Placeholder
Cáncer de sangre

Inmunoterapia

La inmunoterapia es un tipo de tratamiento que estimula o modifica el sistema inmunitario para que pueda reconocer y destruir mejor las células cancerosas. En los cánceres de la sangre, este enfoque ha permitido importantes avances en los últimos años.

Las inmunoterapias son tratamientos diseñados para mejorar la capacidad de su sistema inmunitario para identificar y destruir las células cancerosas. Algunas inmunoterapias también tienen efectos dirigidos, como los anticuerpos monoclonales.

Uno de los tratamientos inmunoterápicos más comunes utilizados para los cánceres de la sangre es el rituximab, que se dirige a una proteína específica llamada CD20 en la superficie de las células B. Al unirse a esta proteína, el rituximab ayuda al sistema inmunitario a reconocer y eliminar estas células marcadas.

Si el diagnóstico es anemia aplásica, un trastorno sanguíneo en el que la médula ósea no produce suficientes células sanguíneas, el tratamiento puede implicar la supresión del sistema inmunitario. Esto se suele hacer con un fármaco llamado ciclosporina, a menudo combinado con infusiones de anticuerpos como la globulina antitimocítica (GAT), administradas mediante perfusión intravenosa.

Otra forma avanzada de inmunoterapia es la terapia CAR-T, en la que las células T del paciente se modifican para atacar mejor a las células cancerosas.

¿Cómo funciona la inmunoterapia?

La inmunoterapia se administra habitualmente mediante perfusión intravenosa en una vena o como una inyección subcutánea justo debajo de la piel. Al iniciar el tratamiento con rituximab, los médicos suelen preferir administrarlo primero por perfusión para vigilar posibles reacciones antes de cambiar a la forma de inyección.

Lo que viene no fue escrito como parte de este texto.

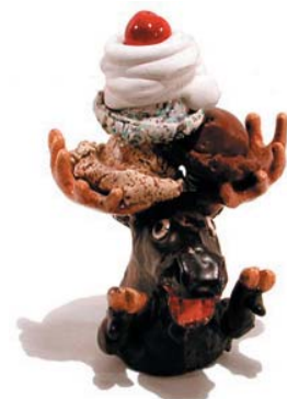
Chocolate Moose, 1977

38.7 x 30.9 x 26.1, Clay, glaze, mixed media

Para tratar la anemia aplásica, la terapia con anticuerpos se administra por perfusión intravenosa, mientras que la ciclosporina se toma por vía oral en cápsulas o en forma líquida.

Efectos secundarios de la inmunoterapia

Las inmunoterapias pueden disminuir su resistencia a las infecciones y pueden causar cansancio, náuseas, diarrea, hematomas, sangrado o síntomas similares a los de la gripe, como dolores y fiebre.

Es posible una reacción alérgica, especialmente con el primer tratamiento, por lo que se recibirá medicación previa para minimizar este riesgo. El personal de enfermería monitorizará de cerca en busca de signos de reacción, como fiebre alta, escalofríos, dificultades respiratorias y náuseas. Estos efectos secundarios suelen ser temporales y desaparecen al finalizar el tratamiento.

Los efectos secundarios de los tratamientos que suprimen el sistema inmunitario, como los utilizados para la anemia aplásica, pueden incluir reacciones alérgicas (por ejemplo: fiebre), náuseas, dolores de cabeza, dolores corporales, hinchazón, erupciones cutáneas, diarrea y visión borrosa. La ciclosporina, en concreto, puede causar cansancio, mareos, problemas renales y aumento del vello en la cara y el cuerpo, que generalmente vuelve a la normalidad tras completar el tratamiento.